Наш дом строился не сразу. Перед войной была выстроена та часть, которая выходила на Ленинградское шоссе, наше крыло после войны уже строили пленные немцы, оно выходило окнами на Всехсвятскую церковь, окруженную большим кладбищем; а году в 60-м было пристроено еще одно крыло, по улице Алабяна. Весной 1954 года, когда мы переехали на Сокол, двора у нас никакого не было, а текла по задворкам нашего дома грязная речка — Таракановка, по берегу которой стояли бараки. Речка текла мимо кладбища к Новопесчаной улице. Ее потом очень быстро забрали в трубу, половину кладбища срыли и поставили на этом месте гаражи. На пустыре перед бараками были три глубокие воронки, они были наполнены водой, и мы плавали по ним на плотах. Вообще, на Соколе было весело. Все время что-то строилось, менялось, и мы, конечно, везде лазали и устраивали себе какие-то штабы, жилища, логова, сносили туда какую придется стащить со стола снедь и все это вместе поедали. На улице мы толклись постоянно, но и учились хорошо. Когда я была во втором классе, школы сделали смешанными, и к нам пришли мальчишки, все с бритыми затылками и челочками на лбу. С мальчишками мы не дружили — это было не принято, но влияние друг на друга мы оказывали несомненное.

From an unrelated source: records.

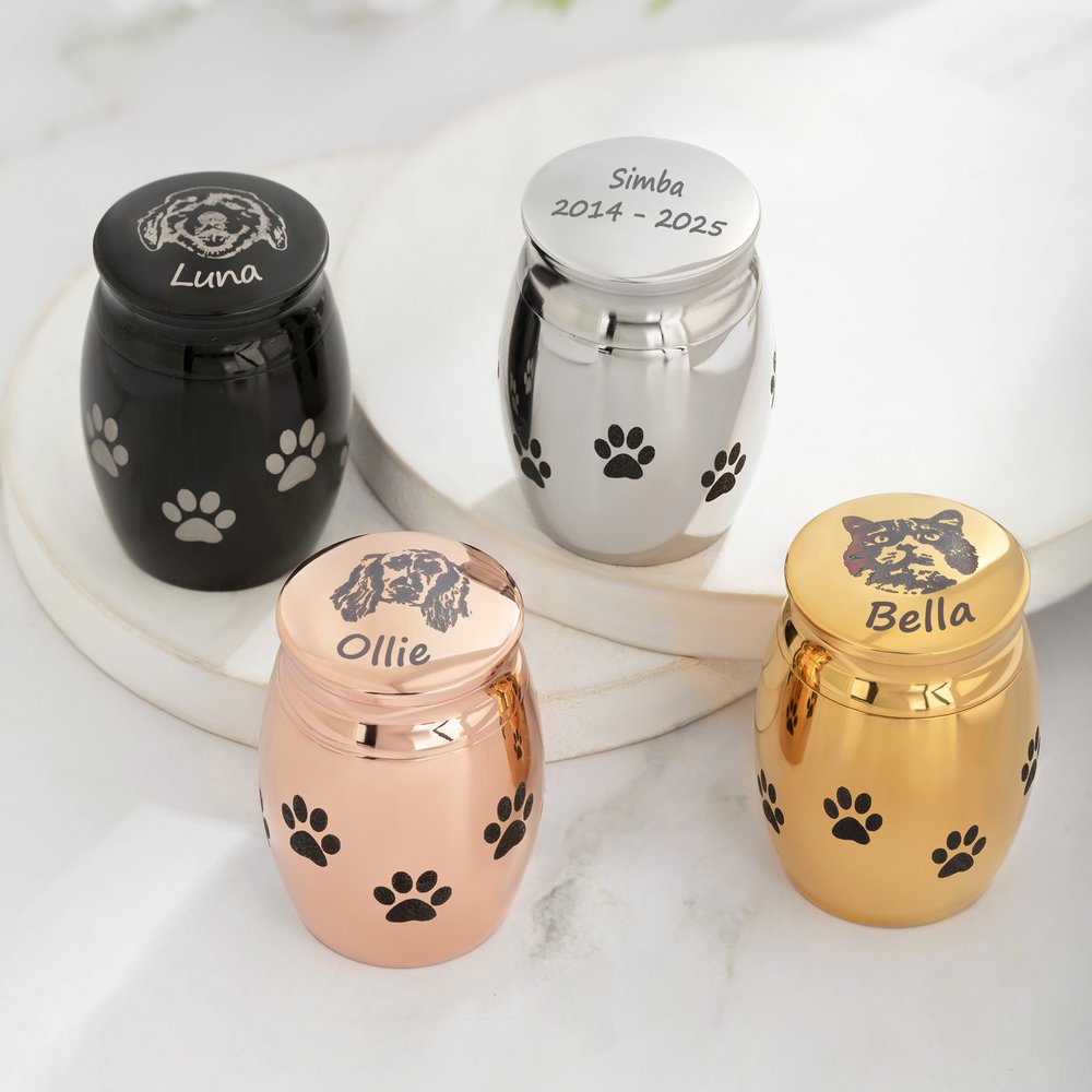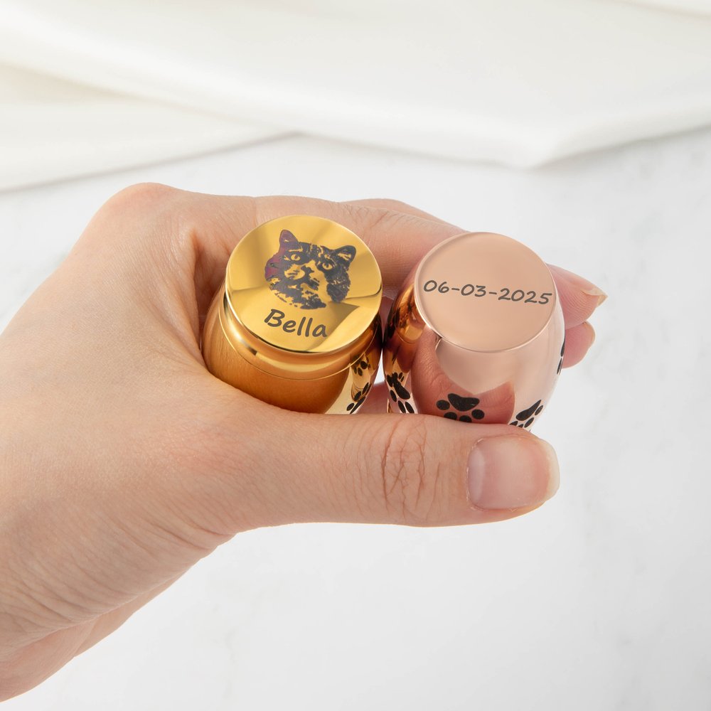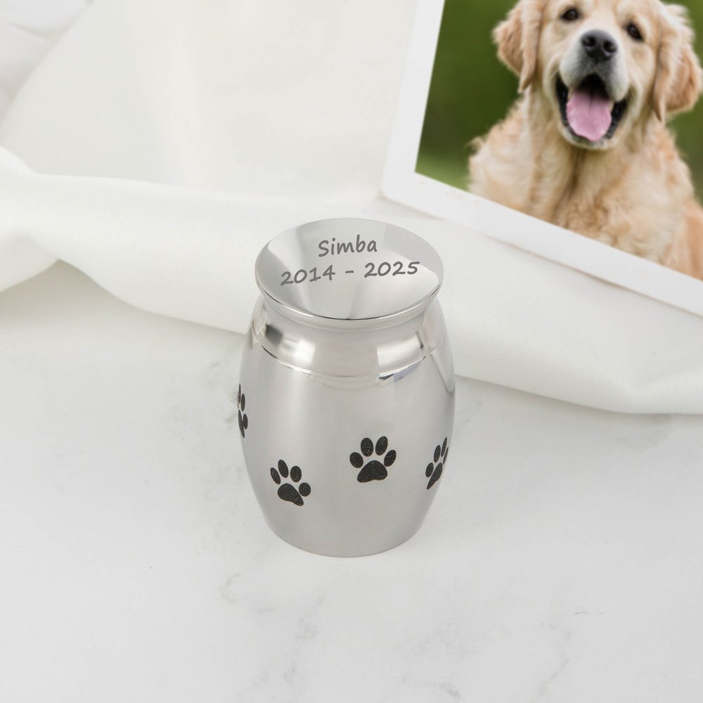 Deze mini-urn is met zorg gemaakt en versierd met een hondenpootafdruk. De buitenkant heeft een gladde, glanzende afwerking. U kunt de urn laten personaliseren met een naam, een korte tekst en zelfs een foto van uw huisdier, waardoor het een uniek en dierbaar aandenken wordt. Het is meer dan alleen een urn – het is een liefdevolle manier om uw trouwe metgezel te gedenken.
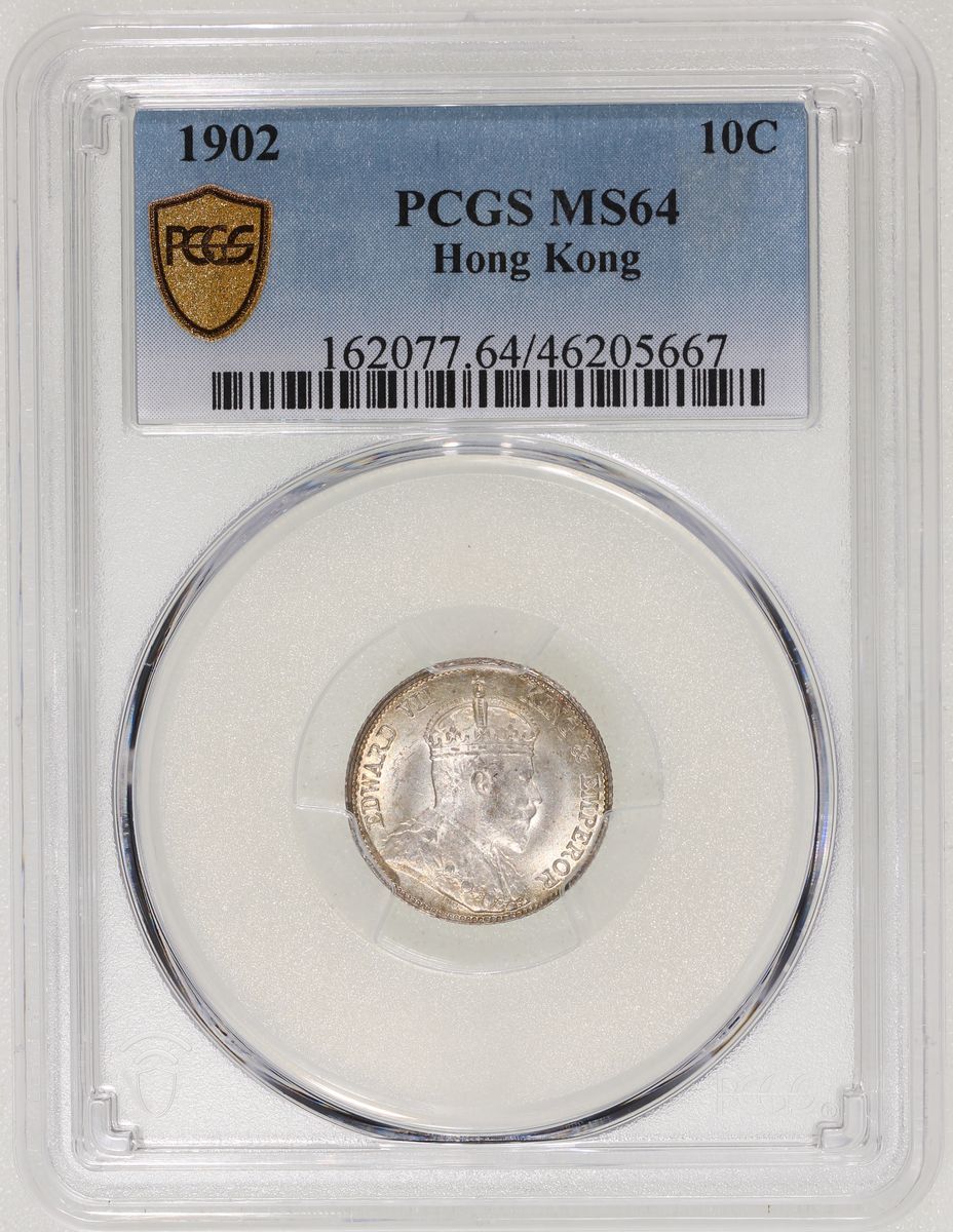 Hong Kong, [PCGS MS64] silver 10 cents, 1902, Edward VII on obverse, PCGS MS64, cert. #46205667
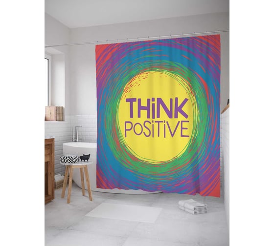 Штора (занавеска) для ванной JoyArty "Мысли позитивно" из сатена, 180х200 см с крючками, sc_70118
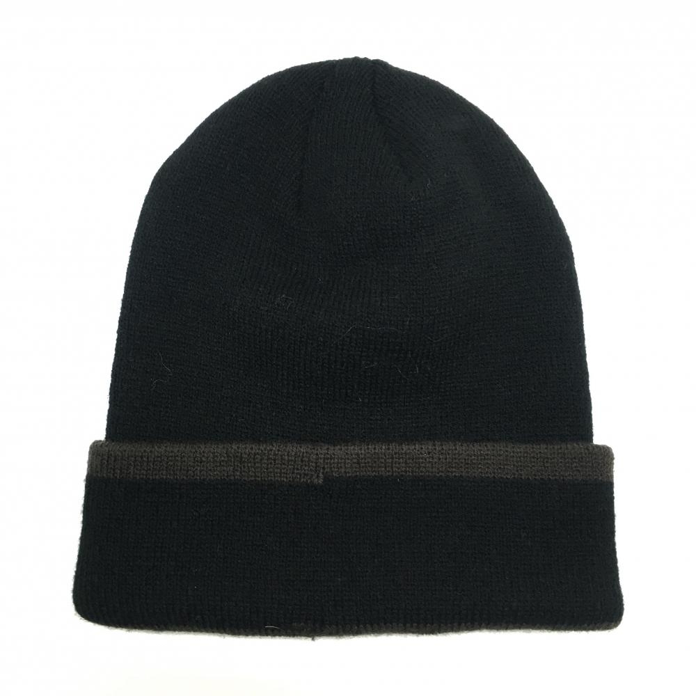【新品】アディダス ニット帽 黒×ブラウン ライン ロゴ刺しゅう フリー(57-59cm) ゴルフウェア adidas
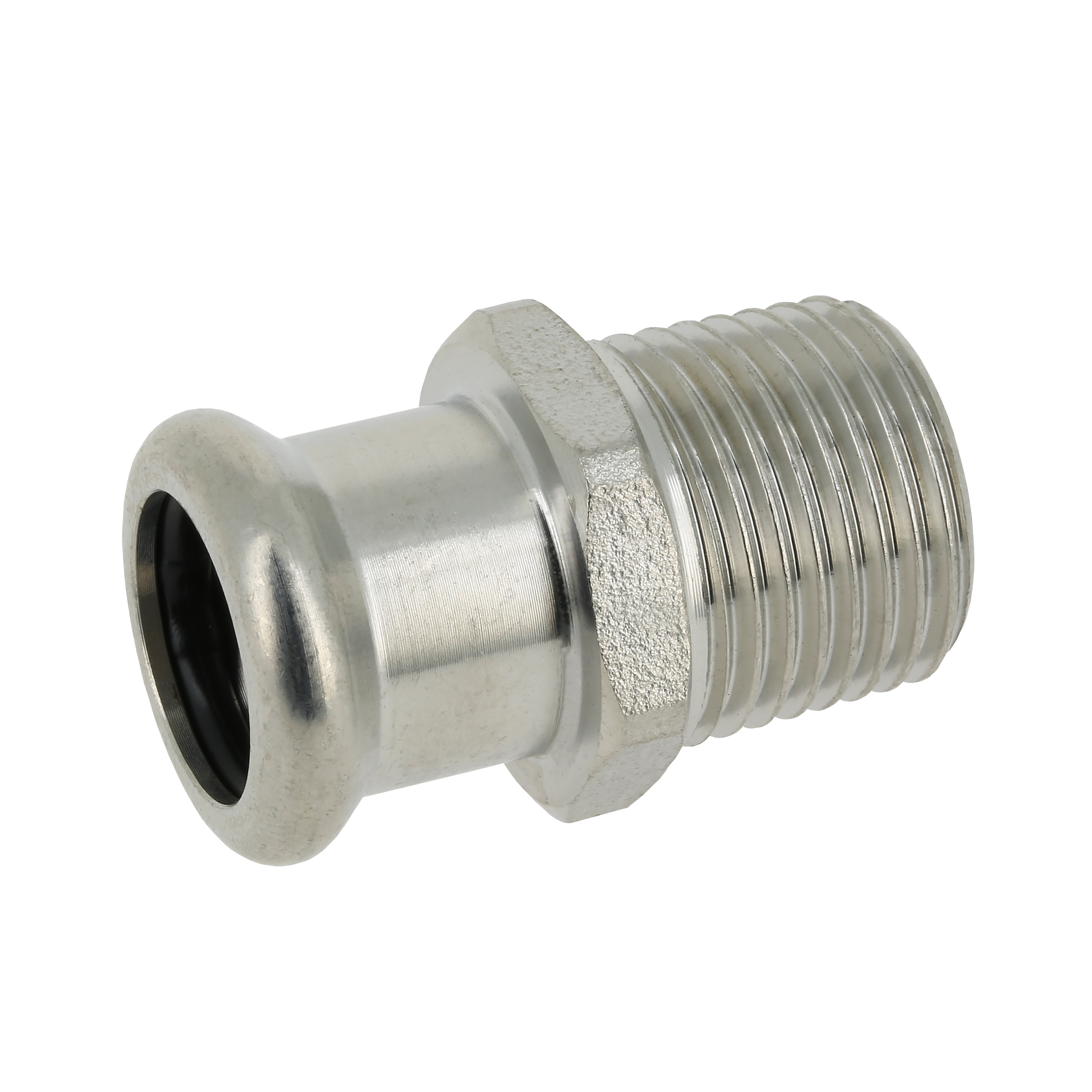 Puntstuk. Conische buitendraad (R) x press (m-profiel).
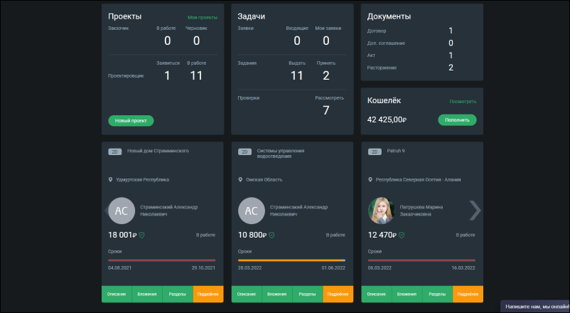 - Блок «Проекты» - информация о созданных вами проектах или проектах, на которые вы можете заявиться в качестве ГИПа или Проектировщика по вашей специализации.
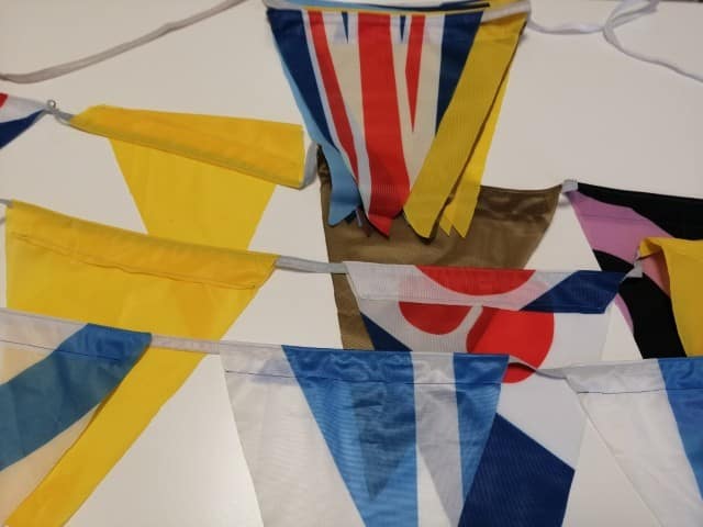Een vrolijke herbruikbare vlaggenlijn voor feestjes. Geen keuze mogelijk. Er wordt een vlaggenlijn uit de voorraad toegestuurd.
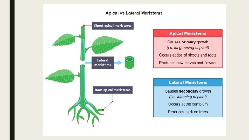 Meristem ■ Mitosis and cell division in the shoot apex provide cells needed for extension of the stem and development of leaves. (U. 2) ■ Meristematic tissue can be divided into apical meristems and lateral meristems. ■ Apical meristems occur at shoot and root tips and are responsible for primary growth (plant lengthening) ■ Lateral meristems occur at the cambium and are responsible for secondary growth (plant widening/thickening). ■ Apical meristems give rise to new leaves and flowers, while

Папочка мой все больше болел и в 1955 году был выведен в отставку. Правда, он этого слова не любил, а всегда поправлял что он не отставник, а генерал запаса. Когда я спрашивала, какая в этом разница, то он говорил, что «если чего случись», ему надо быть готовым снова встать в строй. Но пока ничего не случалось, папа занялся гражданскими делами.